No SCID case is better known than David Vetter's. Born in Houston in 1971, Vetter spent his entire life — save two weeks — inside what was essentially a big, plastic balloon.
It was a sterile space that acted as a barrier between life and death.
He became known as "the boy in the bubble," living inside the plastic walls until he died at the age of 12.
Vetter was a phenomenon, because back then, babies with SCID just didn't live as long as he had.
Most didn't even come close.
Nowadays, children like Quinn — commonly known as "bubble babies" — have treatment options.
The first is a bone marrow transplant. Robert and Dawn are testing to see if they're a match, although it's not likely. A sibling would be a better candidate, but Quinn doesn't have any.
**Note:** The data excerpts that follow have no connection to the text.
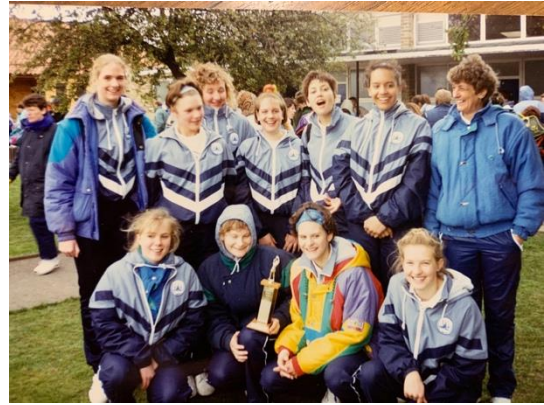
Kent U18 1991 [bright jacket!]
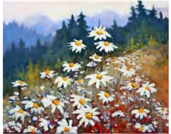
Linda Wilder “Field of Daisies” Acrylic 16x20 $795.00 Honourable Mention
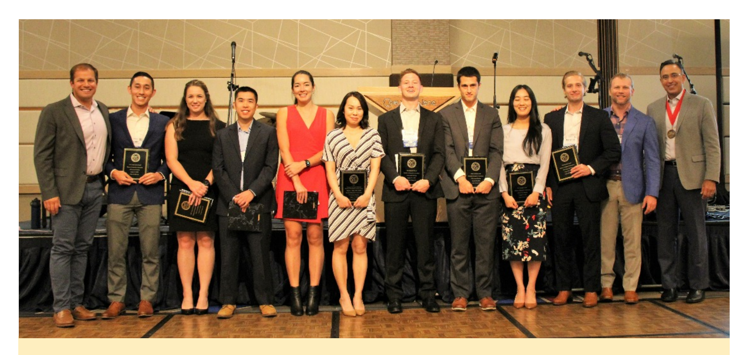
Thanks for a Great Meeting
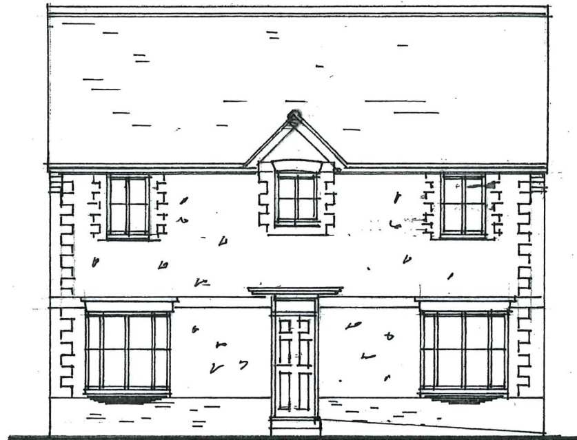
• front elevation •
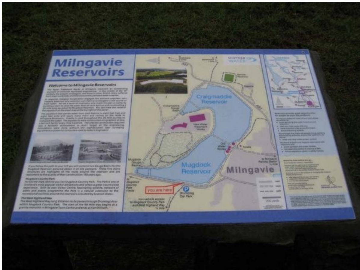
(Photo 54) Close-up of the information board. There is no mention of geology/geomorphology despite this being a primary factor in the location, design and construction of the reservoir.
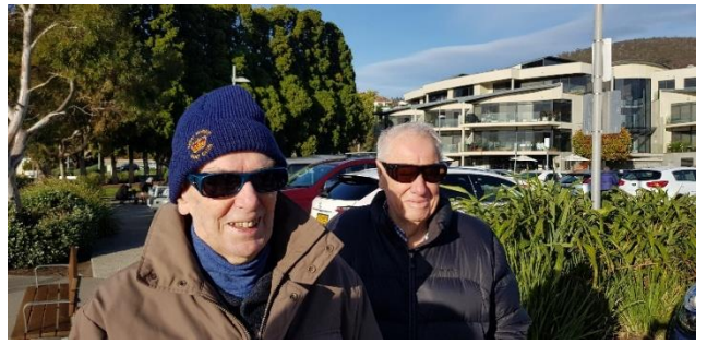
Photo Gallery: this month we feature the Wednesday Walkers. Member's contribution of any Probus related photos for inclusion in this gallery would be appreciated.
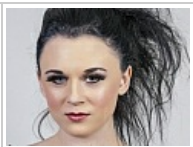
Houston arrest records. Who do you know?
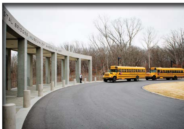
During the first two semesters of the school tour program at Crystal Bridges, the museum received 525 applications.

cancel compared to 32 percent of the treatment-group students. These differences are not huge, but neither is the intervention. These changes represent the realistic improvement in tolerance that results from a half-day experience at an art museum.
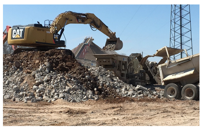
Figure 4. On-site crushing operation

reuse of existing infrastructure is generally seen as a prudent decision. Project duration may also provide limitations to (or potentially support) the decision to recycle.
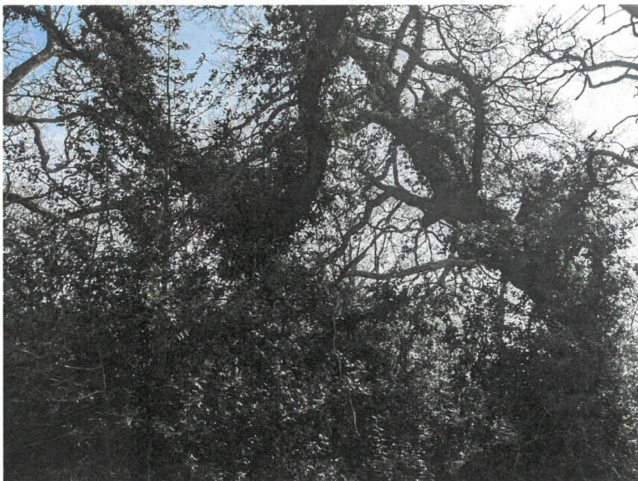
IMAGE 2 (below): Looking at these trees face on, the southerly view.

IMAGE 1 (above): This view is within Mr. Smith's rear garden, looking west. The Ash tree T7 is one of these three. It is unclear which one.
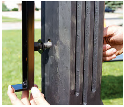
With the posts firmly set, the custom aluminum brackets were inserted into the pre-drilled post holes. The substrate panel was inserted into the channels to rest on the "shoes."

We use the jig to indicate where the holes will be dug. When the holes are dug with the posts inserted, we place the jig atop the posts to create proper spacing and leveling.
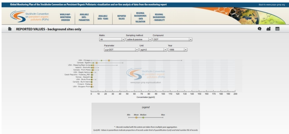
Fig. 2. On-line data visualization of GMP data – tool 4: reported values. Available at www.pops-gmp.org .

The visualization tools were developed using Adobe Flash and ArcGIS technologies. The user-defined outputs are available for download as a graphic file (PNG format); the underlying data from tools 4–6 are also available in text format which is easy to import to MS Excel.

The second option, if a transplant is ruled out, would be an experimental gene therapy treatment available at the University of California in Los Angeles (UCLA).
Doctors would extract one of Quinn's defective cells, repair it, and then put it back in the baby's body. That cell would then reproduce, slowly building a functioning immune system.
If successful, Robert and Dawn say Quinn would have a chance at a "normal" life.
"We've have an amazing medical team working with us to get Quinn and get her on the right path," Robert said.
Newborn Quinn with her parents before being diagnosed with ADA-SCIDS. (Photo: Painted Barn Photography)
As of November 2014, 18 children with SCID had been cured through treatment at UCLA.
One Toronto boy that underwent the procedure is "well on his way" to recovery, and Dawn said she's in touch with his mom to chat about what happens next.
Doctors from Vancouver General Hospital have applied to see whether Quinn is eligible for the treatment, but haven't heard back.
Quinn's parents face heavy costs, no matter which route they take.
If the baby undergoes a bone marrow transplant, Dawn and Robert will have to cover the cost of living in Vancouver, prepping their home for long-term recovery, and their daughter's post-op medication.
If they go for gene therapy, the family will likely have to cover travel costs to California. On top of that, it's not clear whether the experimental U.S. treatment will be covered by B.C.'s Medical Services Plan.
Robert and Dawn say they're not sure how much they'll have to shell out for treatment at UCLA, but they're certain it won't be cheap.
With both options, the couple would leave their jobs to care for Quinn in her own "bubble" while she recovers.
The process could take several years.
"It’s been quite a process ... But we’re willing to do anything to keep her healthy."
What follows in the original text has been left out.